> TASK STATEMENT: Leaving out all pictures, restate word for word the lines from the one with "Pro ,可享受官方至高 1400 元补贴。" through the last line of the entries.

[Excerpts from a dataset]

Content starts

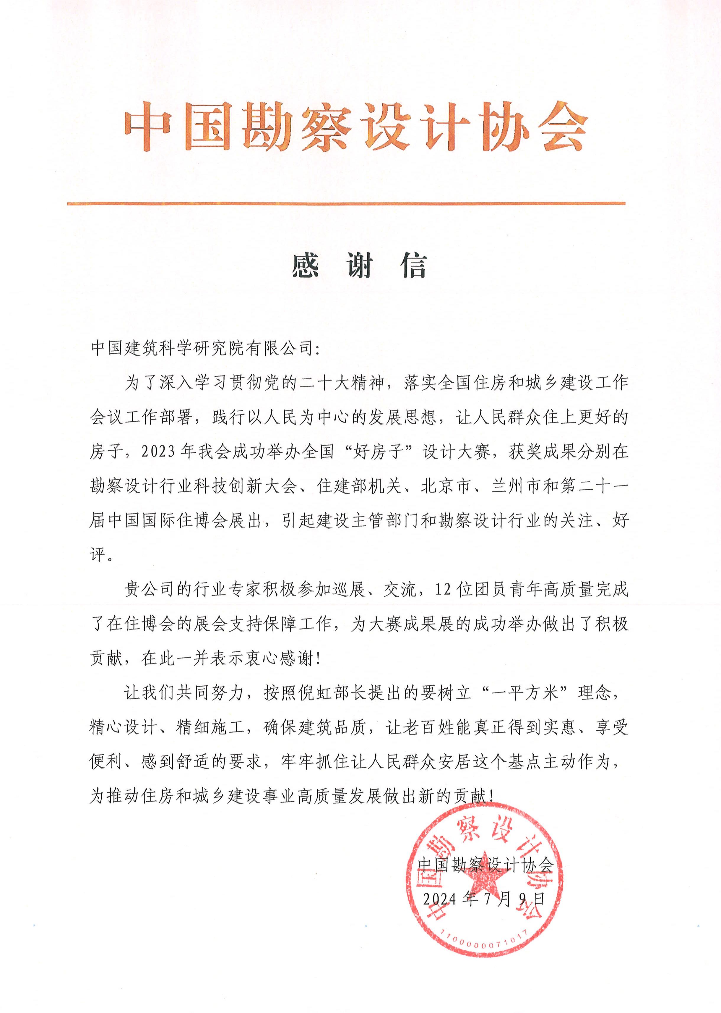 近日,中國(guó)建研院收到中國(guó)勘察設(shè)計(jì)協(xié)會(huì)(以下簡(jiǎn)稱“中設(shè)協(xié)”)發(fā)來(lái)的感謝信,對(duì)中國(guó)建研院為中設(shè)協(xié)全國(guó)“好房子”設(shè)計(jì)大賽成果展成功舉辦作出的積極貢獻(xiàn)表示衷心感謝。
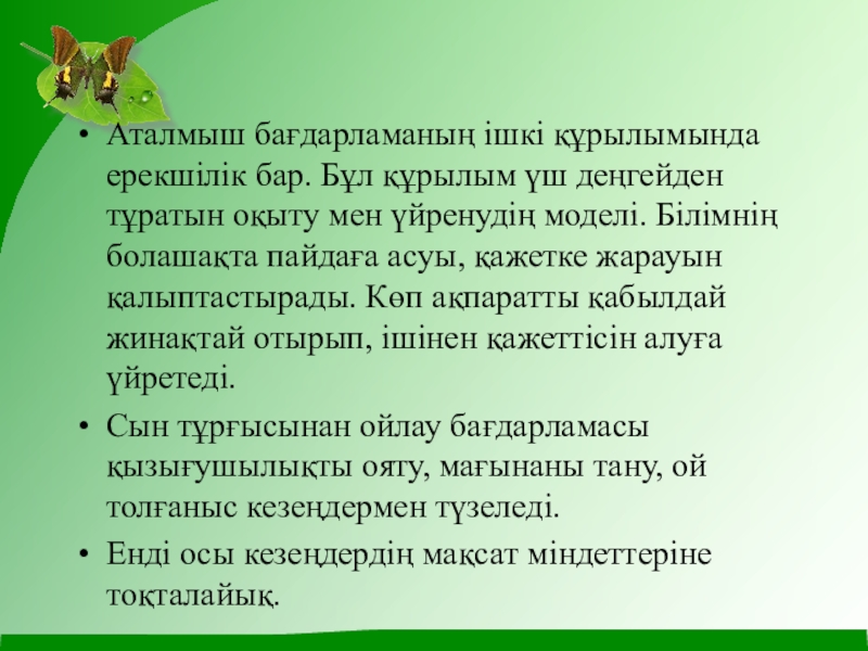 Сын тұрғысынан ойлау бағдарламасы қызығушылықты ояту, мағынаны тану, ой толғаныс кезеңдермен түзеледі.
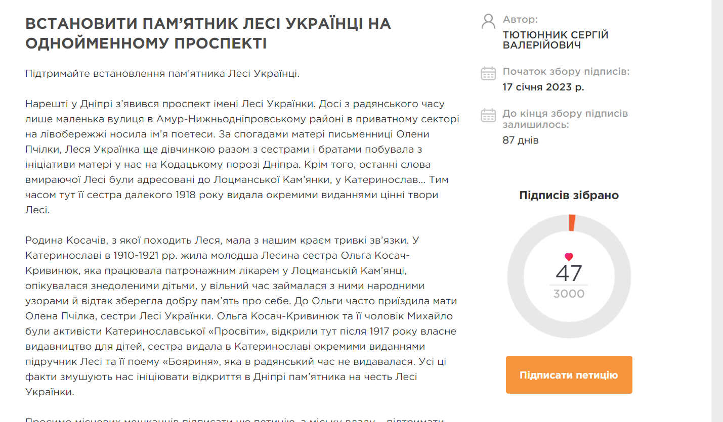У містян ще є 87 днів, аби підтримати цю ініціативу. Наразі петицію підписали 47 чоловік із 3000 необхідних.
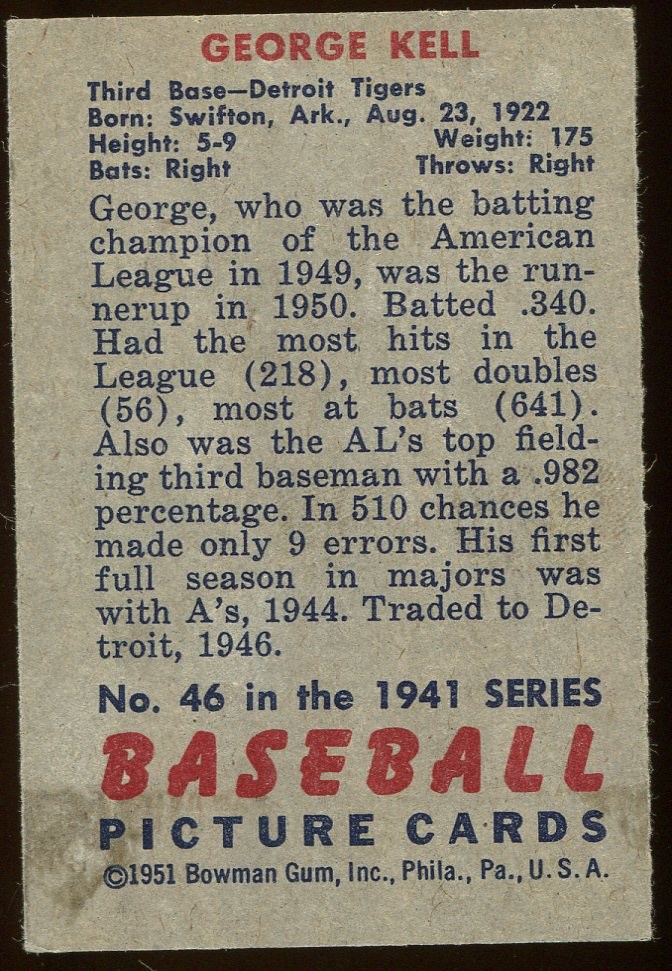 1951 Bowman George Kell #46 - A solid VG/EX card free of major flaws, this 1951 Bowman Kell would fit nicely in a mid-grade set.  Card has mild corner wear and a light wax stain on the back.
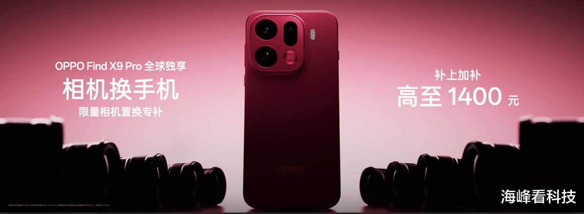 同时,OPPO 还推出“相机置换专补”计划,用户可以参与活动将自己手里的相机置换为 Find X9 Pro ,可享受官方至高 1400 元补贴。
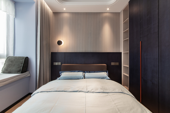 主卧入口融合在墙板中,一门到顶大气美观。进入空间一面是收纳展示于一体的衣柜,另一边是整装墙板结构,不仅仅延续了整个空间立体的质感,搭配同样来自意大利 B&B 的 1.8 米舒适软包大床,让一整天疲惫都可以放松下来。躺在床上同样可以将西山收入眼底。主卧内设两处衣帽间,满足夫妻二人的收纳需求。
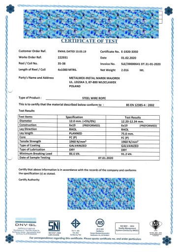 Liny posiadają atest producenta (jak na zdjęciu obok), co daje Tobie pewność iż zostały wykonane zgodnie z niemieckimi i europejskim normami DIN 3064, BS EN 12385-4:2002.

Content ends

> ANSWER SECTION:
 同时,OPPO 还推出“相机置换专补”计划,用户可以参与活动将自己手里的相机置换为 Find X9 Pro ,可享受官方至高 1400 元补贴。
 主卧入口融合在墙板中,一门到顶大气美观。进入空间一面是收纳展示于一体的衣柜,另一边是整装墙板结构,不仅仅延续了整个空间立体的质感,搭配同样来自意大利 B&B 的 1.8 米舒适软包大床,让一整天疲惫都可以放松下来。躺在床上同样可以将西山收入眼底。主卧内设两处衣帽间,满足夫妻二人的收纳需求。
 Liny posiadają atest producenta (jak na zdjęciu obok), co daje Tobie pewność iż zostały wykonane zgodnie z niemieckimi i europejskim normami DIN 3064, BS EN 12385-4:2002.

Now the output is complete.